Автор книги: Джесси Келлерман
Жанр: Зарубежные детективы, Зарубежная литература
Возрастные ограничения: +18
сообщить о неприемлемом содержимом
Текущая страница: 13 (всего у книги 21 страниц)
Я взял мой ключ от моего дома, запер мою парадную дверь и пошел по дорожке моего двора, не понимая, куда несут меня ноги, однако решив дать им волю.
– В самое время пришли, – сказал продавец. – Их только что выставили на продажу.
Я опустился на низкую бархатную скамейку. Он еще раз промерил мои ступни и принес две коробки.
– Классические черные – дело самое верное, – сказал он, – но и эти, цвета бычьей крови, тоже чудо как хороши. Ничего лучшего для повседневной носки не найти. Разумеется, вы вовсе не обязаны брать только одну пару.
Я взглянул на ценник: 390 долларов плюс налог. Цена для обуви непомерная.
Однако она оставила мне указания. А я теперь – миллионер.
– Автограф, пожалуйста… Большое спасибо. – Он протянул мне пакеты. – Отныне вы – человек «Мефисто».
Глава девятнадцатая
Адвоката этого я выбрал потому, что офис его находился в нескольких минутах ходьбы от моего дома. Кроме того, Дэвис Соломон был человеком с двумя именами (или двумя фамилиями, это как взглянуть), а меня такие странности всегда привлекали – так же, как логические парадоксы и оптические иллюзии. За первую консультацию он запросил 425 долларов и в ходе беседы посоветовал мне, без тени иронии, не сорить пока накопленными мной деньгами. Даже при самых лучших обстоятельствах Южный суд по делам о наследстве округа Мидлсекс будет продвигаться черепашьим шагом.
Я спросил, что произойдет, если Эрик опротестует завещание.
– Ему придется доказать, что вы оказывали на мисс Шпильман неподобающее влияние, а именно представить свидетелей, которые покажут, что ею можно было манипулировать и что вы ею действительно манипулировали. Сделать это сложно. В прошлом предпринимались попытки представить само самоубийство как свидетельство того, что покойный или покойная не могли ясно мыслить просто-напросто по определению. Однако в подобных случаях бремя доказательства возлагается на истца. Не забывайте, впрочем, что это не помешает ему портить вам жизнь.

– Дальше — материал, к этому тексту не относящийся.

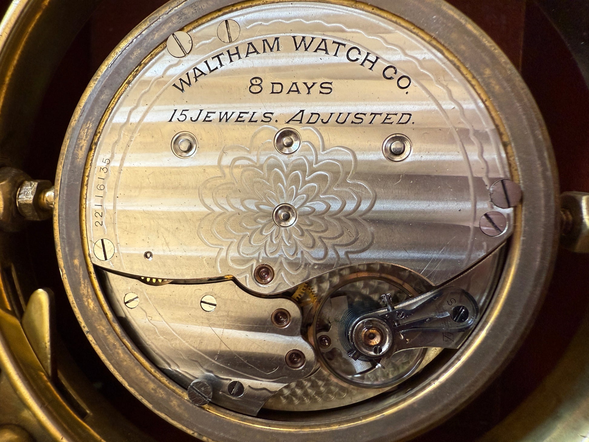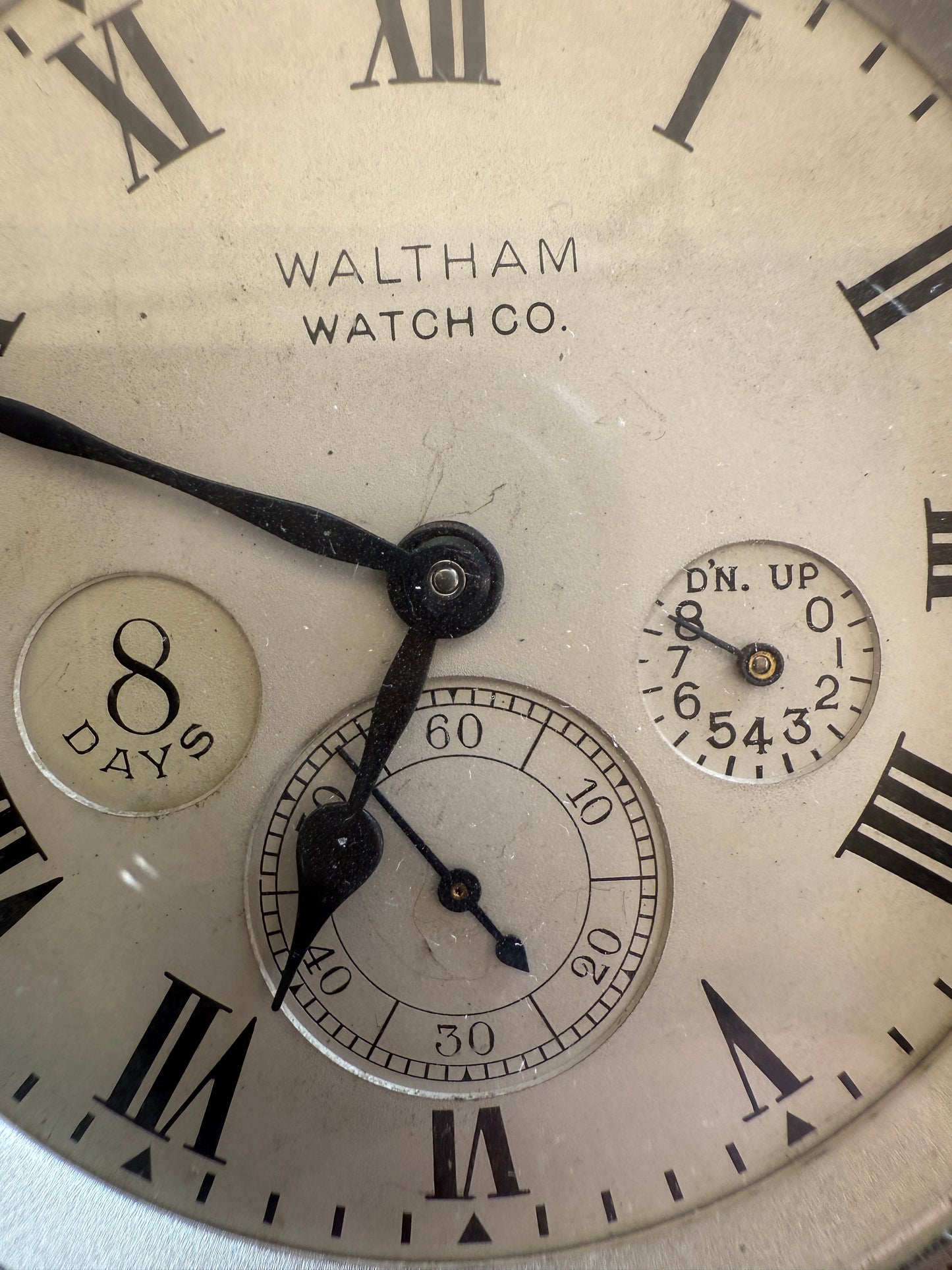 The clean white dial bears bold Roman numerals, along with three subdials indicating running seconds, power reserve (Up/Down), and the 8-day duration. The dial is signed “Waltham Watch Co.”, with additional markings indicating “8 Days, 15 Jewels, Adjusted” engraved on the movement.

Кроме того, наверняка найдутся и другие желающие вытянуть из вас деньги – главным образом, женщины. Я бы сказал так: пока вы не выполните все условия, главное для вас – осторожность.

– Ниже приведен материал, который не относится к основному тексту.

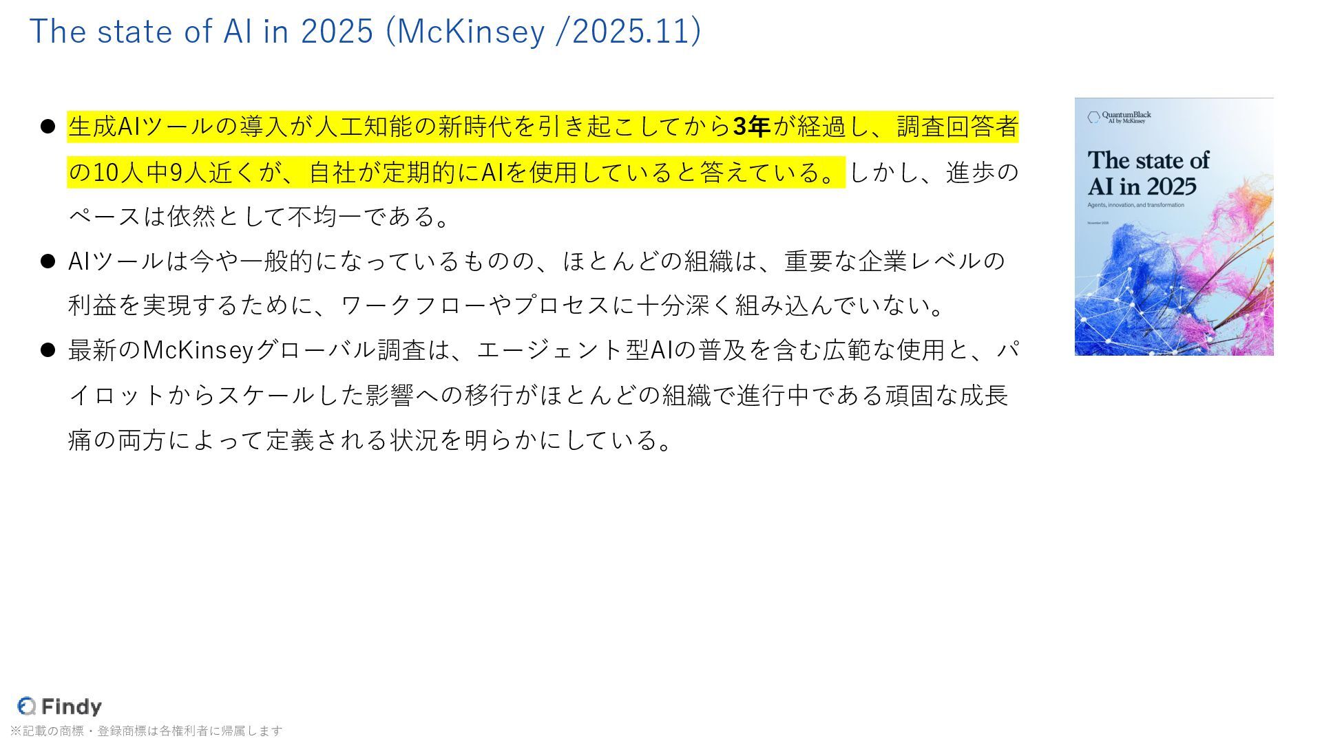 37. ※記載の商標・登録商標は各権利者に帰属します The state of AI in 2025 (McKinsey /2025.11) ⚫

До этого разговора я надеялся, что все сложится проще: в один прекрасный день Чарльз Палатин позвонит у моей двери и вручит мне чек, наклеенный на картонку размером четыре на четыре фута.
– Мы можем хоть как-то ускорить этот процесс? – спросил я.
Соломон пожал плечами. Плечи у него были огромные, плечи полузащитника, и, когда он пожимал ими, создавалось впечатление, что некая гора трогается с места.
– Ну, если вам необходимо чувство, что вы что-то делаете, попробуйте собрать свидетельства подлинных ваших с ней отношений. Если Эрик обратится в суд, они могут оказаться полезными. Фотографии, на которых вы сняты с ней рядом, письма. Что-нибудь в этом роде. Показывающее, что ваше отношение к ней было искренним, а не корыстным.
Похоже, он полагал, что мы с Альмой вместе ходили в пешие походы.
– Фотографий у меня нет.
– А существует кто-либо, знавший вас обоих и способный засвидетельствовать вашу душевную близость?
Единственным человеком, пришедшим мне в голову, была доктор Карджилл.
– Ну вот и обратитесь к ней. В противном случае мы просто подождем развития событий. Пока же вам, я думаю, стоит заняться вашей статьей.
На следующее утро меня разбудило гудение пылесоса.
– Проклятье, – сказал я, выйдя на лестничную площадку. – Я же говорил, не…
Дакиана уронила пылесос, с визгом залетела в гостевую уборную и заперлась там. Я сообразил, что о моем переезде в хозяйскую спальню ей ничего не известно. Да, но что она вообще здесь делает?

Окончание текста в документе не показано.